* [Material to process]:
-------

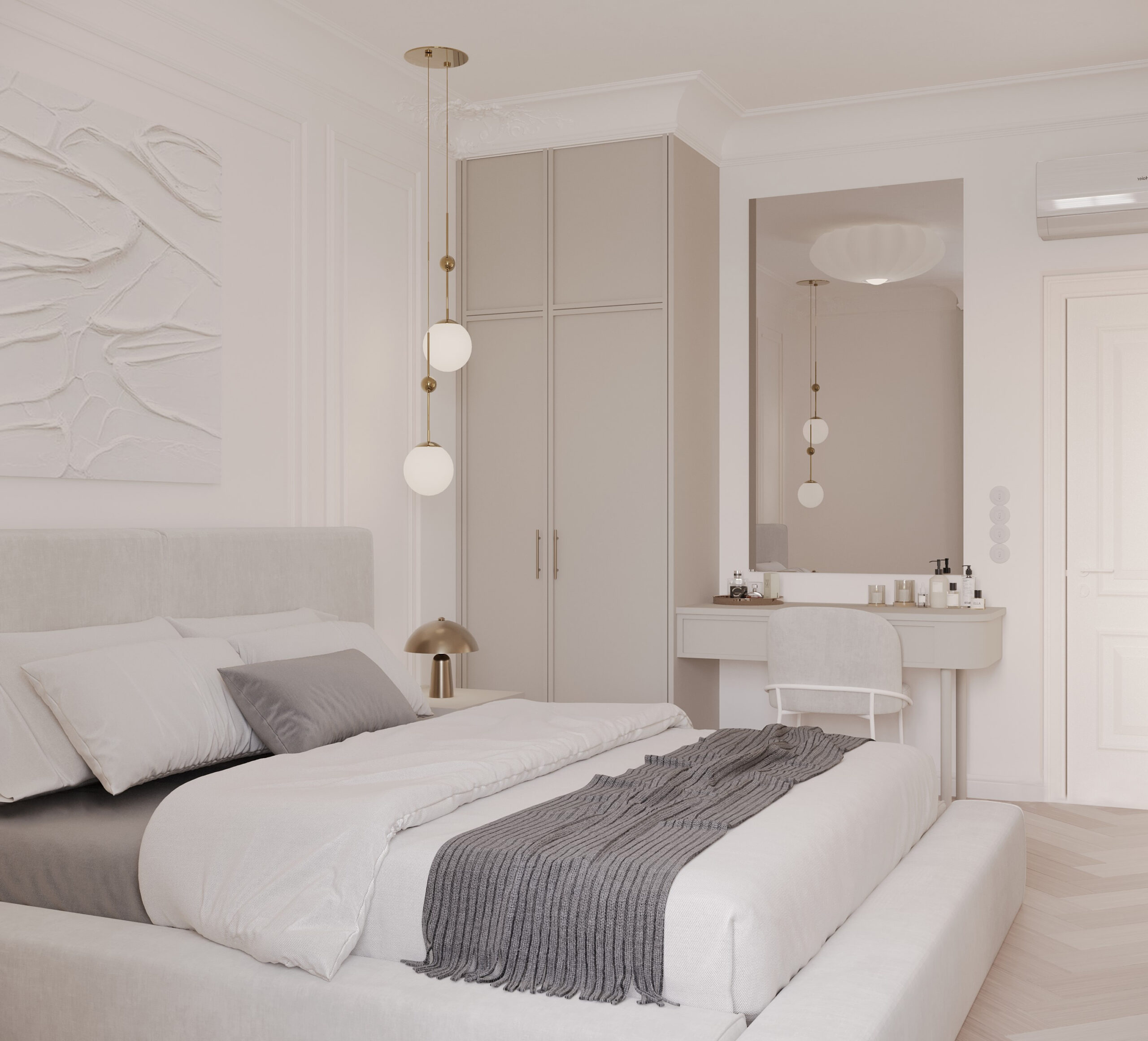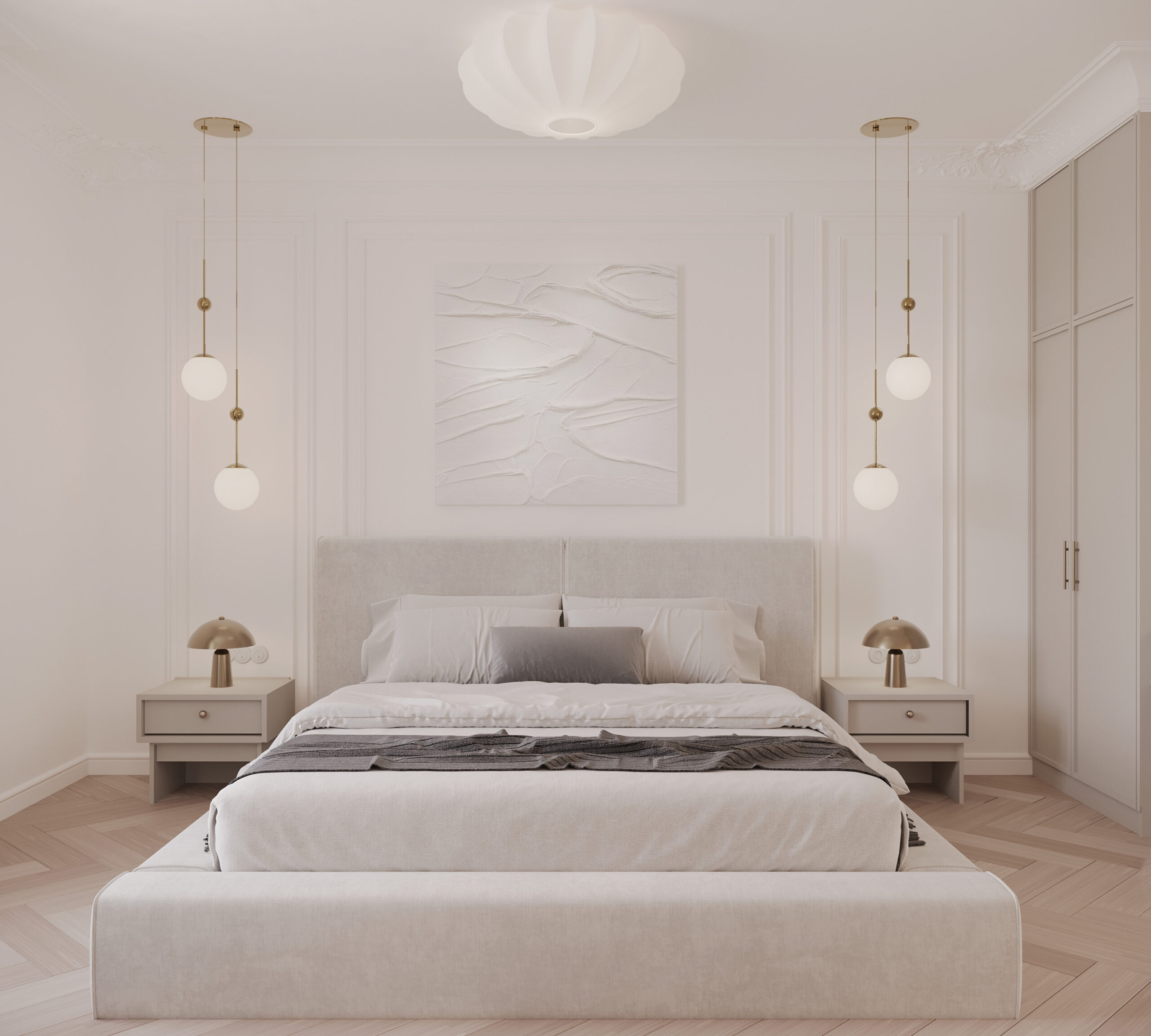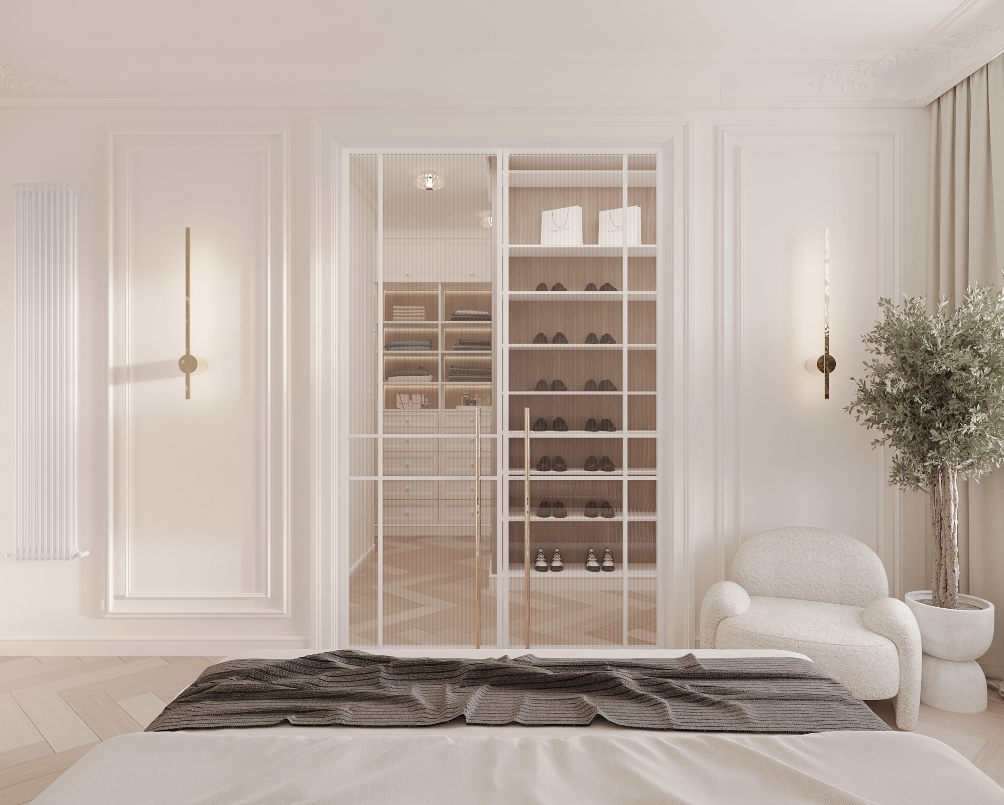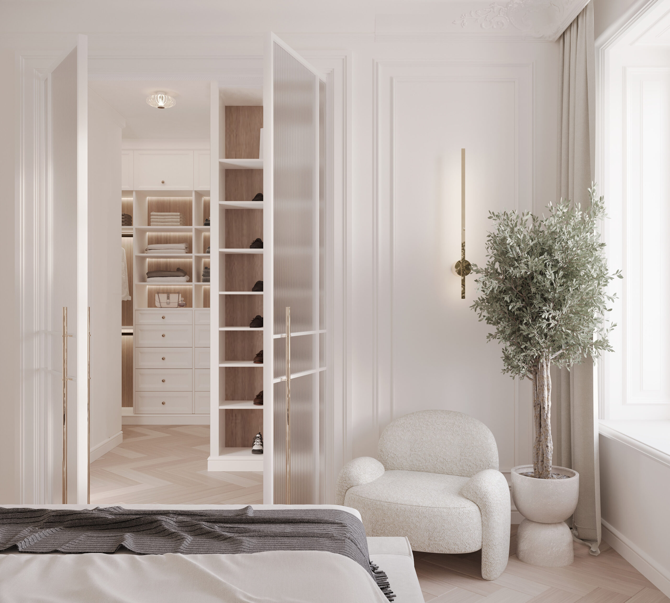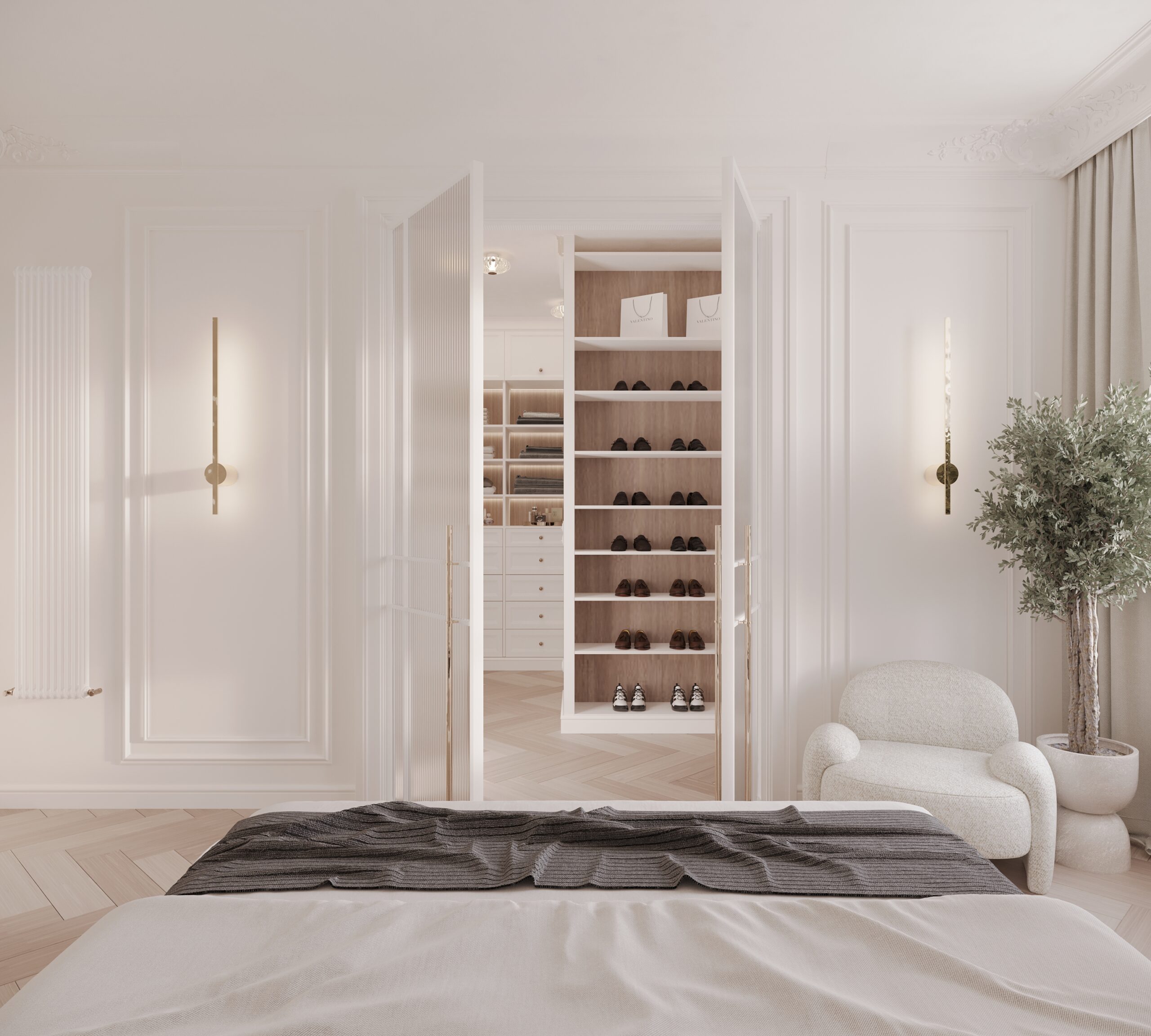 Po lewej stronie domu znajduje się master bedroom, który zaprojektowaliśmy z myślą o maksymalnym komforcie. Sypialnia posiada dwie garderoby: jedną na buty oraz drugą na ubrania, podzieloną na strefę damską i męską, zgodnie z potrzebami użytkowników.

-------

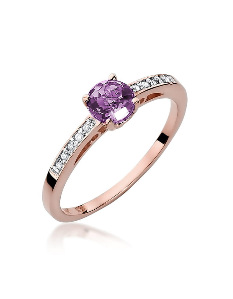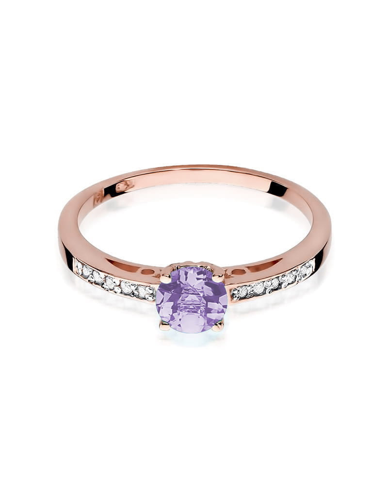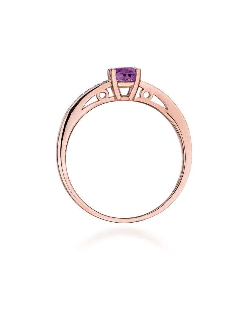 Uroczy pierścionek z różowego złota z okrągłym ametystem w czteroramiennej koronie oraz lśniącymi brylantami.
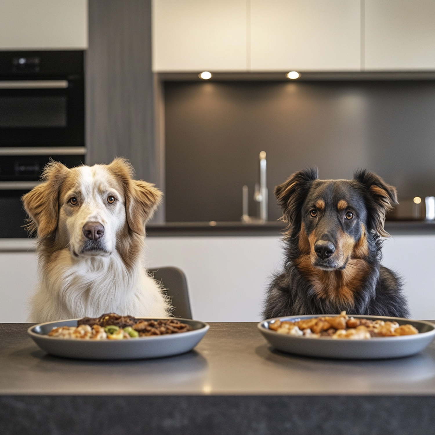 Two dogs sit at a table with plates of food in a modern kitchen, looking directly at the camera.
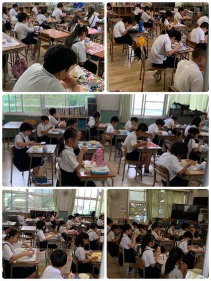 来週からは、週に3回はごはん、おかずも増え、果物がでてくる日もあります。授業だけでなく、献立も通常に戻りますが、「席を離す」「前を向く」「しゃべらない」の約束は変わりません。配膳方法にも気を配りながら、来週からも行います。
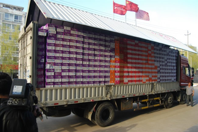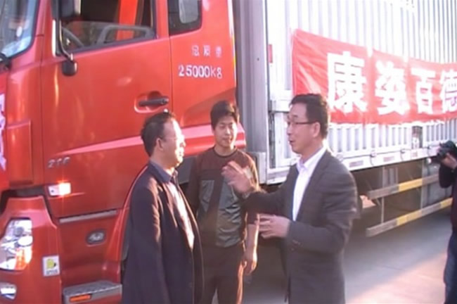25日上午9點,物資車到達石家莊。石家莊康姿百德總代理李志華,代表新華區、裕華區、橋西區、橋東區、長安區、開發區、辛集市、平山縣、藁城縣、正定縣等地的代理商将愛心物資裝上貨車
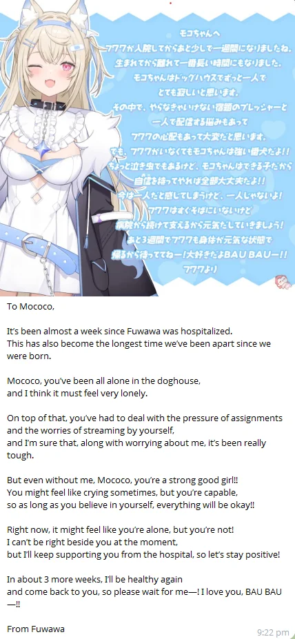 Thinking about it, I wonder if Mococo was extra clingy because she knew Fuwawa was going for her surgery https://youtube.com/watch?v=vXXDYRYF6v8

-------

* [About this exercise]: The reply should hold exactly the lines above, starting at the line with "Two dogs sit" and ending at the line with "Thinking about it, I", and no pictures.

* [Answer area]:
 Two dogs sit at a table with plates of food in a modern kitchen, looking directly at the camera.
 来週からは、週に3回はごはん、おかずも増え、果物がでてくる日もあります。授業だけでなく、献立も通常に戻りますが、「席を離す」「前を向く」「しゃべらない」の約束は変わりません。配膳方法にも気を配りながら、来週からも行います。
25日上午9點,物資車到達石家莊。石家莊康姿百德總代理李志華,代表新華區、裕華區、橋西區、橋東區、長安區、開發區、辛集市、平山縣、藁城縣、正定縣等地的代理商将愛心物資裝上貨車
 Thinking about it, I wonder if Mococo was extra clingy because she knew Fuwawa was going for her surgery https://youtube.com/watch?v=vXXDYRYF6v8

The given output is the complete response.